From such records, str_mut_signatures:

Extracts allele-level repeat copy numbers from REPCN or REPLEN.
Compares NORMAL vs TUMOR allele counts at each locus.
Identifies loci where tumor repeat copy number differs from normal.
Encodes the net repeat-length change as tumor–normal (e.g. +1).
Uses only these somatic STR events for downstream count matrices and signature extraction.

Annotating standard VCFs

If your VCFs lack RU, REF, or copy-number fields, you can annotate them using the tool strvcf_annotator:

Takes standard VCF + STR reference.
Produces STR-annotated VCFs compatible with str_mut_signatures.

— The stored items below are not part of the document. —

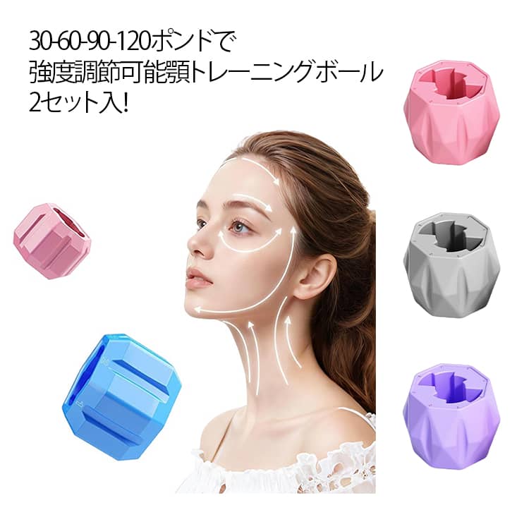 30-60-90-120ポンドで強度調節可能顎トレーニングボール 2セット入!【すっきりとしたフェイスラインを目指す】顎まわりの筋肉を動かすことで、フェイスラインのケアをサポート。 毎日の習慣に取り入れやすく、引き締まった印象づくりに役立ちます。 【食品級シリコン素材】口に入れて使用できる、食品グレードのシリコン素材を採用。 耐久性・耐熱性に優れ、お手入れもしやすく、清潔にお使いいただけます。 【手軽に、場所を選ばず使える】コンパクトで軽量なデザイン。 自宅はもちろん、オフィスや移動中など、スキマ時間を使って気軽にトレーニングできます。 【シンプルな使い方】口にくわえて、一定のリズムで噛むだけ。 簡単な動作で、毎日続けやすいフェイスケアアイテムです。 サイズ 2セット入 サイズについての説明 セット内容物:本体+ロープ+収納ボックス ※実寸はメジャー採寸の為、若干の誤差が生じる場合があります。 素材 食品級シリコン 色 灰 ピンク 紫 備考 ●サイズ詳細等の測り方はスタッフ間で統一、徹底はしておりますが、実寸は商品によって若干の誤差(1cm?3cm )がある場合がございますので、予めご了承ください。 ●製造ロットにより、細部形状の違いや、同色でも色味に多少の誤差が生じます。 ●パッケージは改良のため予告なく仕様を変更する場合があります。 ▼商品の色は、撮影時の光や、お客様のモニターの色具合などにより、実際の商品と異なる場合がございます。 あらかじめ、ご了承ください。 ▼生地の特性上、やや匂いが強く感じられるものもございます。 数日のご使用や陰干しなどで気になる匂いはほとんど感じられなくなります。 ▼同じ商品でも生産時期により形やサイズ、カラーに多少の誤差が生じる場合もございます。 ▼他店舗でも在庫を共有して販売をしている為、受注後欠品となる場合もございます。 予め、ご了承お願い申し上げます。 ▼出荷前に全て検品を行っておりますが、万が一商品に不具合があった場合は、お問い合わせフォームまたはメールよりご連絡頂けます様お願い申し上げます。 速やかに対応致しますのでご安心ください。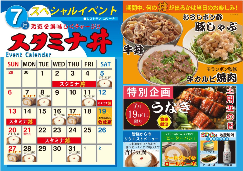 みんな大好きお肉の丼♪♪ガッツリ食べて元気に夏を乗り切りましょう!!牛肉と玉ねぎの旨味しみしみ牛丼☆あのモランボン監修の牛カルビ焼肉☆さっぱりおろしポン酢豚しゃぶ☆どれもスタッフ厳選!どの丼になるか当日のお楽しみ(*^▽^*)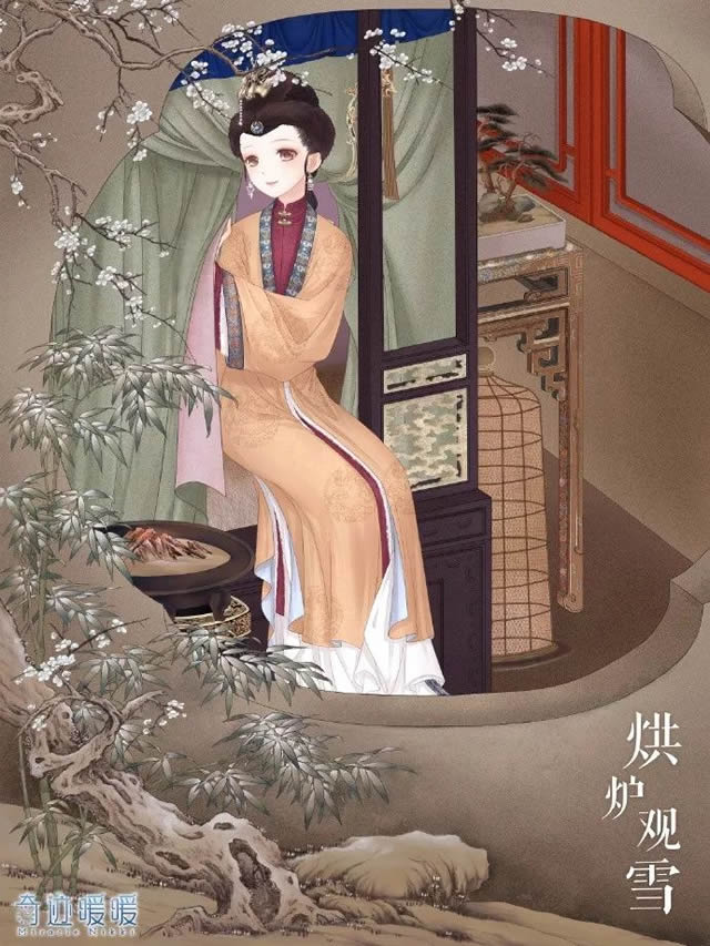 回看亭亭雪映窗,淡淡烟垂岫。佳人如玉,烘炉观雪。(服装元素来源于“胤禛美人图”)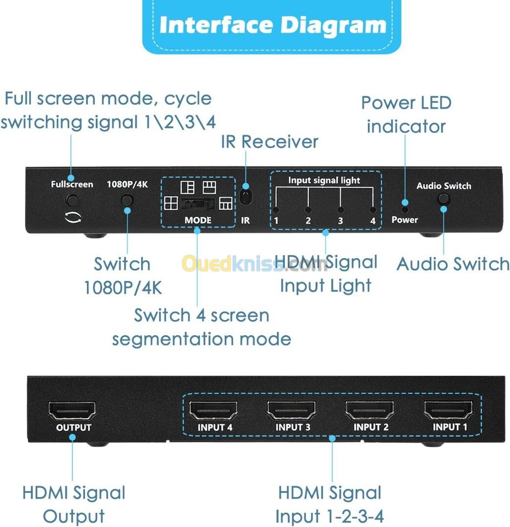 - Alternez entre 4 canaux HDMI sans fissuration d’écran ni latence.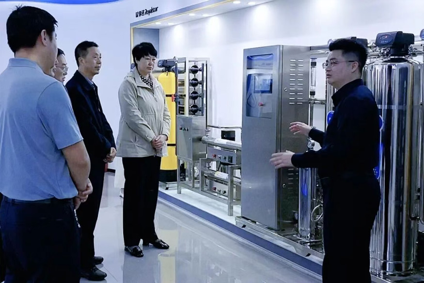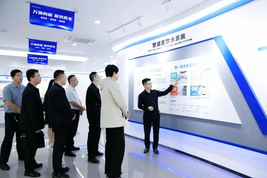 領(lǐng)導(dǎo)一行參觀公司全屋智慧凈水、管道直飲水、校園智慧飲水、單位/工廠直飲水等項(xiàng)目,了解公司在凈水行業(yè)全領(lǐng)域的發(fā)展情況。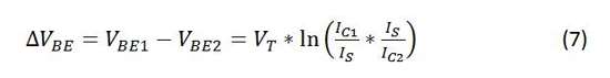 如果两个晶体管的集电极电流差异较大,则VBE不会完全彼此抵消。等式7阐述了晶体管两个VBE之间的差异: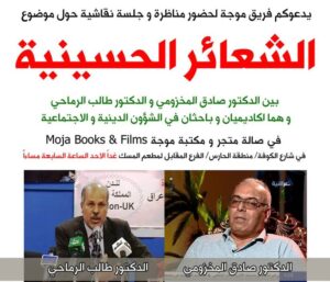 اقيمت في مركز موجة في 18 اوكتوبر 2015 مناظرة حول قضية الشعائر الحسينية بين الدكتور صادق المخزومي الاكاديمي و الباحث في الشؤون الدينية و الكتور طالب الرماحي رئيس مركز العراق الجديد للاعلام و ادار المناظرة عضو الفريق صلاح عبد المهدي

For details see: strvcf_annotator.

Matrix construction

build_mutation_matrix defines feature keys using independent options.

Core components

Each feature key can include:

repeat-unit length (LEN{len(motif)}) via ru_length
repeat-unit content via ru (optional)
reference repeat count via ref_length
tumor–normal delta via change

Repeat-unit content modes

ru omitted (ru=None): no repeat-unit content is included.
ru="class": base composition class is used:
- AT_only: motif contains only A/T
- GC_only: motif contains only G/C
- mixed: mixed A/T and G/C
ru="ru": full repeat-unit sequence is used (e.g. A, AT, AAT).

Examples

Motif length + base class + ref length + somatic change:

m = build_mutation_matrix(
    mutations,
    ru_length=True,
    ru="class",
    ref_length=True,
    change=True,
)
# e.g. LEN2_AT_only_15_+1

Full motif + ref length + somatic change:

m = build_mutation_matrix(
    mutations,
    ru_length=False,
    ru="ru",
    ref_length=True,
    change=True,
)
# e.g. AT_15_+1

Length only:

m = build_mutation_matrix(
    mutations,
    ru_length=True,
    ru=None,
    ref_length=False,
    change=True,
)
# e.g. LEN1_+1

Presence/absence-style summaries (no delta term):

m = build_mutation_matrix(
    mutations,
    ru_length=True,
    ru=None,
    ref_length=True,
    change=False,
)
# e.g. LEN1_10

Filtering mutation matrices

Large STR feature spaces can be sparse. filter_mutation_matrix provides several strategies to reduce noise before NMF.

Supported methods

from str_mut_signatures import filter_mutation_matrix

filtered, summary = filter_mutation_matrix(
    matrix,
    feature_method="manual",
    min_feature_total=10,
    min_samples_with_feature=3,
    min_sample_total=0,
    feature_percentile=0.9,  # used for percentile method
)

Methods:

feature_method="manual"
- Keep features with:
  - total count across samples >= min_feature_total
  - present (non-zero) in at least min_samples_with_feature samples.
- Drop samples with total counts < min_sample_total.
feature_method="elbow"
- Compute feature totals.
- Use an “elbow” heuristic to choose a count threshold.
- Keep features above that threshold.
- Apply min_samples_with_feature and min_sample_total as in manual mode.
feature_method="percentile"
- Compute feature totals.
- Keep features above a chosen percentile of totals (e.g. feature_percentile=0.9 keeps the top 10% by total count).
- Apply min_samples_with_feature and min_sample_total as in manual mode.

The function returns:

filtered – filtered count matrix.
summary – small dataclass with filtering statistics (e.g. numbers of features/samples before/after, thresholds used).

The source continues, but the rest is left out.